Task statement:
When you reach the line with "阪急電車西宮北口駅から北東へ" in the data below, begin printing lines exactly, and stop once the line with "Parti: au 1er" has been printed.

Given records:
• • • • •

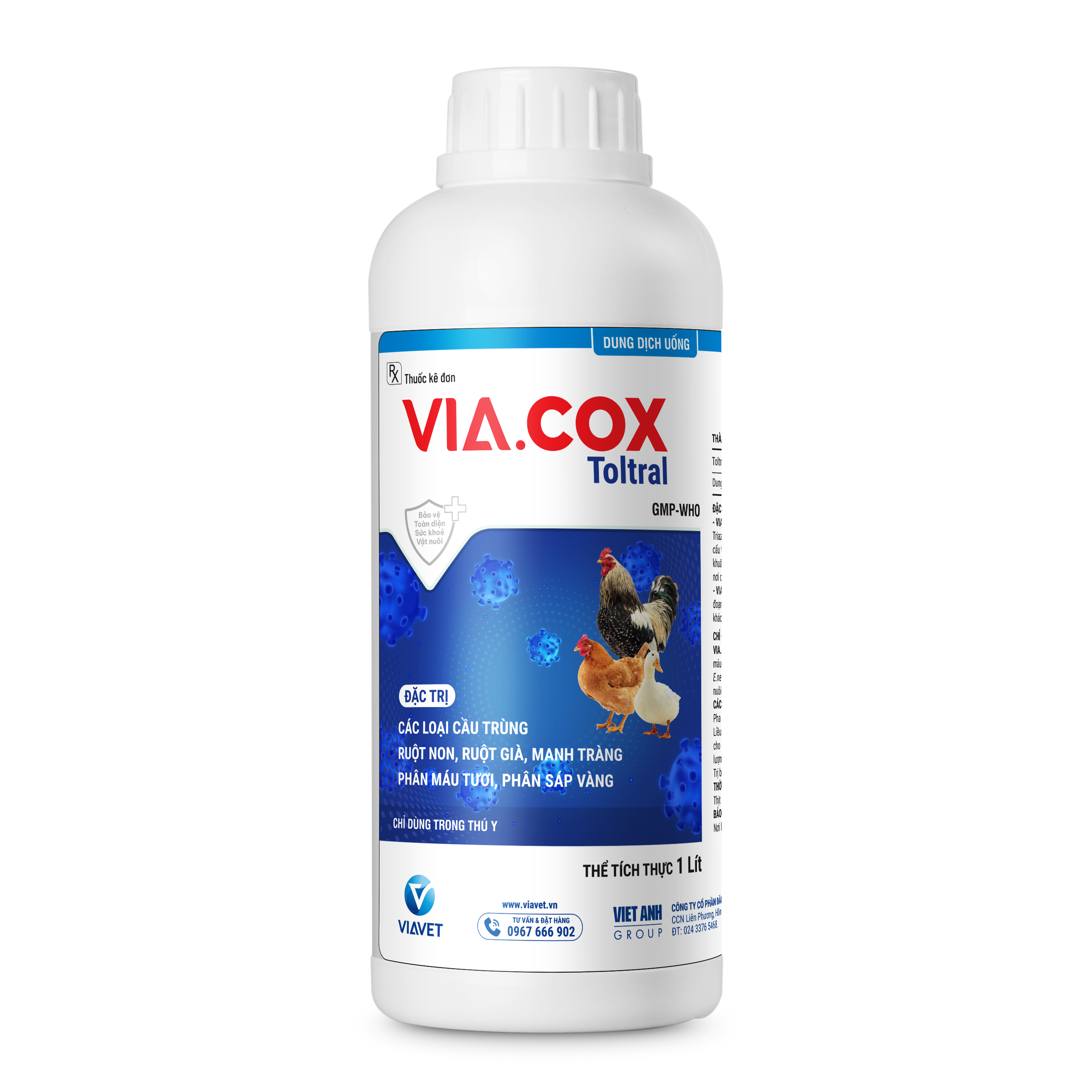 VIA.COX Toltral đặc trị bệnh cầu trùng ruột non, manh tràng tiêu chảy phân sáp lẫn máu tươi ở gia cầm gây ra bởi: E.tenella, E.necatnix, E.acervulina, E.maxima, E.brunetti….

• • • • •

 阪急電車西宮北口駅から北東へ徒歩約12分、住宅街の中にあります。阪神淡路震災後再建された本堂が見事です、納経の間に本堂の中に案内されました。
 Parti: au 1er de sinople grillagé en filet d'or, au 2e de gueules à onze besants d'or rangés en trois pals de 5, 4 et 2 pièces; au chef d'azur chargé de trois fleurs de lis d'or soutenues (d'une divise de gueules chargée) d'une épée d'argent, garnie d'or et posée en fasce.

• • • • •

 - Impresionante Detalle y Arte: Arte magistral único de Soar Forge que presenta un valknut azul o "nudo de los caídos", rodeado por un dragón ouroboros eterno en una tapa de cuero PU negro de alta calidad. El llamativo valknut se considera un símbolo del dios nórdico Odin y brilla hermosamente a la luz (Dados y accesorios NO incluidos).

• • • • •

Finished exercise:
 阪急電車西宮北口駅から北東へ徒歩約12分、住宅街の中にあります。阪神淡路震災後再建された本堂が見事です、納経の間に本堂の中に案内されました。
 Parti: au 1er de sinople grillagé en filet d'or, au 2e de gueules à onze besants d'or rangés en trois pals de 5, 4 et 2 pièces; au chef d'azur chargé de trois fleurs de lis d'or soutenues (d'une divise de gueules chargée) d'une épée d'argent, garnie d'or et posée en fasce.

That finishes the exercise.